Remix.run Logo
figassis 6 hours ago

This is where the absolutism of let agents to 100% of the work fails. You get adversarial agents pulling all reverences into a table, they might miss some, so run this a few times.

Then have another set of agents, with skills like web browsing (to verify that links actually exist, maybe that references and abstracts actually match, etc), have one engineer (or agent) write a small script to help with this (just make sure you test it, and a bit).

So your work is not verified until your references table is 90% green checkmarks, maybe with uncertainty figures.

A human can then verify the ones with under 90% certainty.

This alone gets you a long way there. Does not costs the millions they're being paid.

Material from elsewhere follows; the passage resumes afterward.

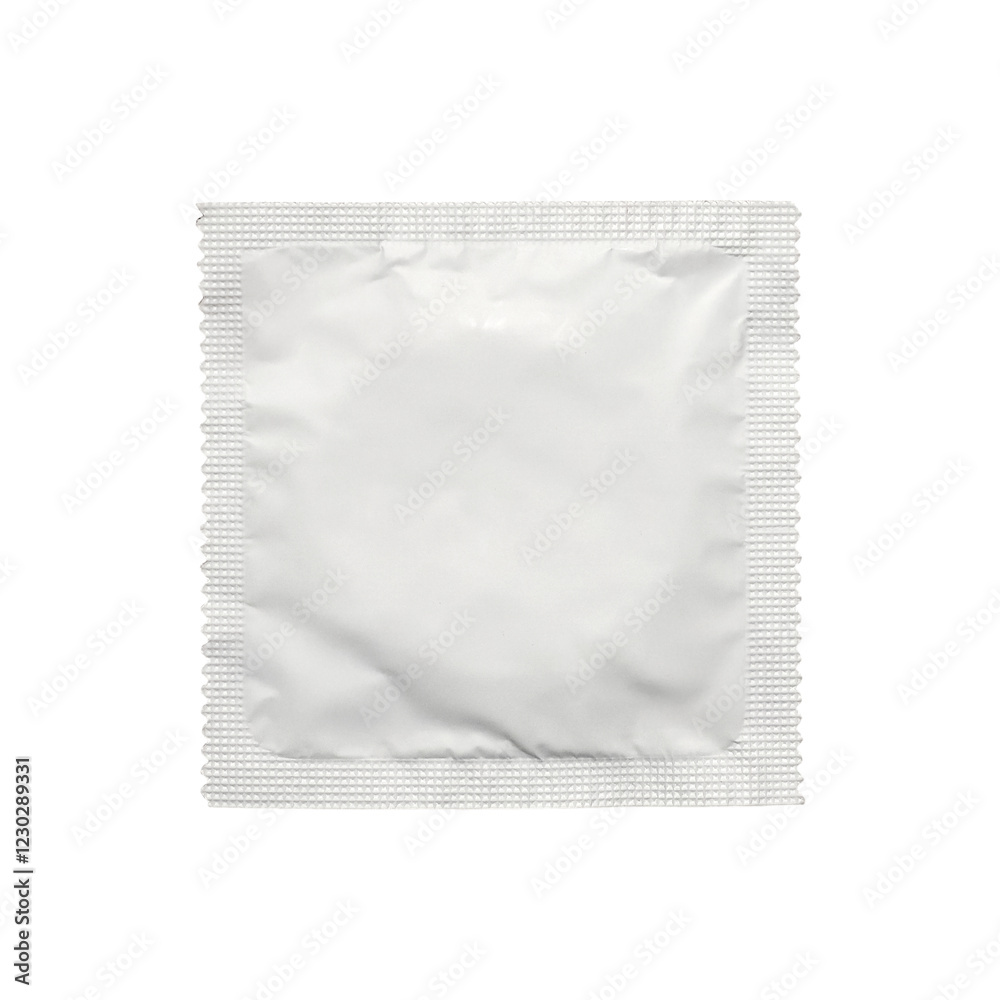 A white sealed foil condom wrapper isolated on a clean transparent background, ideal for health, safe sex, and lifestyle-related stock photography. PNG

It's quite interesting that these companies marketed themselves as them best of the best in excellence, accept no mistakes. I can imagine the countless keynotes and books about this. Or the sales pitches.

Has always been a lie, they just understood how to hide it. Today they don't, and it's embarrassing.

e12e 6 hours ago | parent | next [-]

> A human can then verify the ones with under 90% certainty.

How about the author actually reads the finished report a couple of times and checks all the references?

It really is the lowest bar - even lower maybe than running a spell check.

palmotea 5 hours ago | parent | next [-]

> How about the author actually reads the finished report a couple of times and checks all the references?

But then you wouldn't be embracing the new agentic ways of working!

danaris 3 hours ago | parent | prev | next [-]

How about the author actually, y'know

authors

the report?

SpicyLemonZest 4 hours ago | parent | prev [-]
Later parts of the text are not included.